Can sensors constantly sample patients’ antibiotic levels?

A team at Imperial College, London, has developed the sensor that constantly samples patients’ antibiotic levels.

The sensor can show how a patient has reacted to the type of antibiotic they have been given. Experts said the technique showed promise but needed more work to make it reliable enough to use in hospitals, reports BBC.

STEADY SAMPLE

Dr Timothy Rawson, who helped develop the sensor, said it had the potential to produce results much more quickly than current practice.

Existing methods of monitoring response to treatment tend to be slower and involve frequent blood tests, he said.

“By using a simple patch on the skin of the arm, or potentially at the site of infection, it could tell us how much of a drug is being used by the body and provide us with vital medical information, in real time,” he told reporters.

antibiotic levels

The sensor is the size of a small plaster that has tiny needles on its underside which can be coated with enzymes tuned to react to different drugs.
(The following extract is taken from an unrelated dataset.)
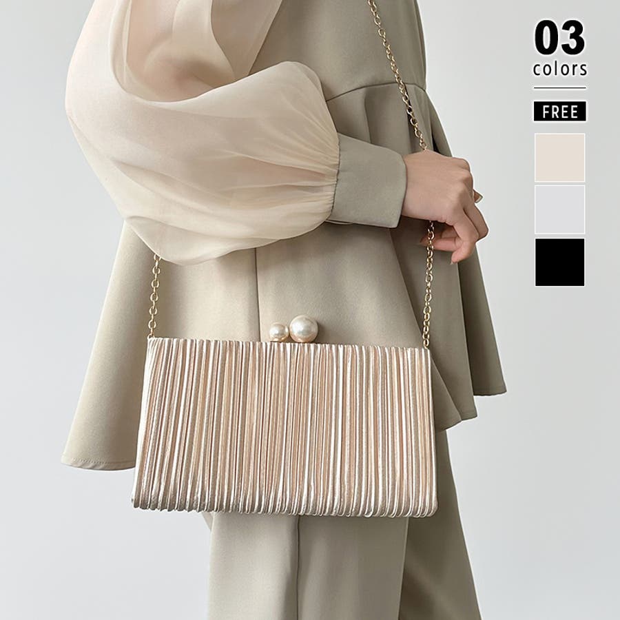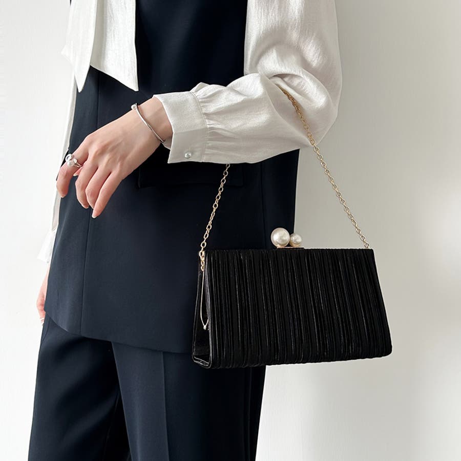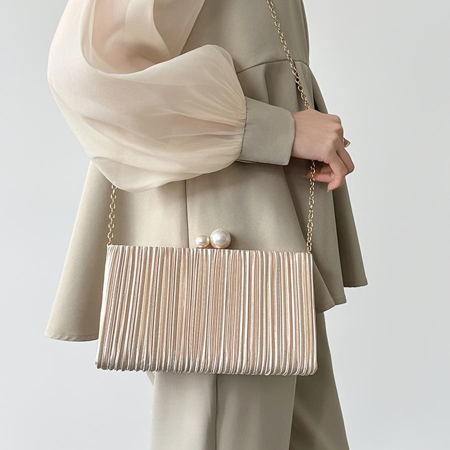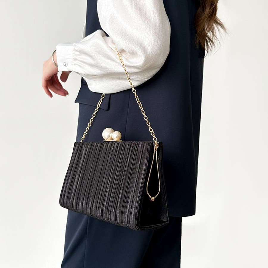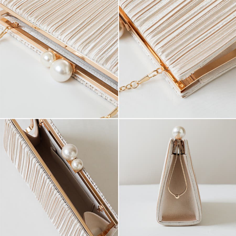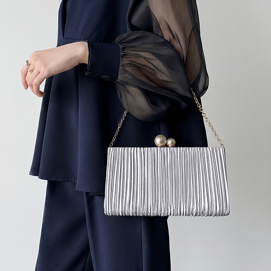【プリーツ×大粒パールが映える】3wayパーティーバッグ クラッチバッグ パーテ…

The needles are many times thinner than a human hair and are small enough to slip between skin cells. This lets them sample body fluids as they flow between cells.

The array of needles sample fluids 200 times a second and can detect tiny changes that indicate how patients are reacting after being injected with antibiotics.

The information the patch gathers could help ensure patients get the right amount of antibiotics and could swiftly spot adverse reactions, said the researchers.

The tests measured responses to penicillin but, said the researchers, the needles could be coated with enzymes for many different types of antibiotic.

Until now, micro-needle sensors have been used to monitor blood sugar levels but the Imperial work is believed to be the first use of such devices for monitoring antibiotic use.

Details of a small scale medical trial of the non-invasive technique have been published in the Lancet’s digital health journal. The researchers said the sensor produced results close to the “gold standard” obtained by regular blood tests.

If future larger-scale tests proved successful, said Dr Rawson, the technology could help reduce drug-resistant infections, help manage serious infections and save the NHS money.

Aiden Doherty, group leader in biomedical data science at the University of Oxford, said the trial showed the “potential” of wearable sensors to continually monitor health without subjecting patients to unpleasant procedures.

However, he said, the research was an “early study” and a lot more work was needed to make the technology reliable enough for clinical use.

“Much larger clinical tests will be needed in specific patient populations too, such as those at risk of sepsis,” he told reporters.

“So while encouraging, years of careful work are required before micro-needles can be routinely used in hospitals for antibiotic drug monitoring.”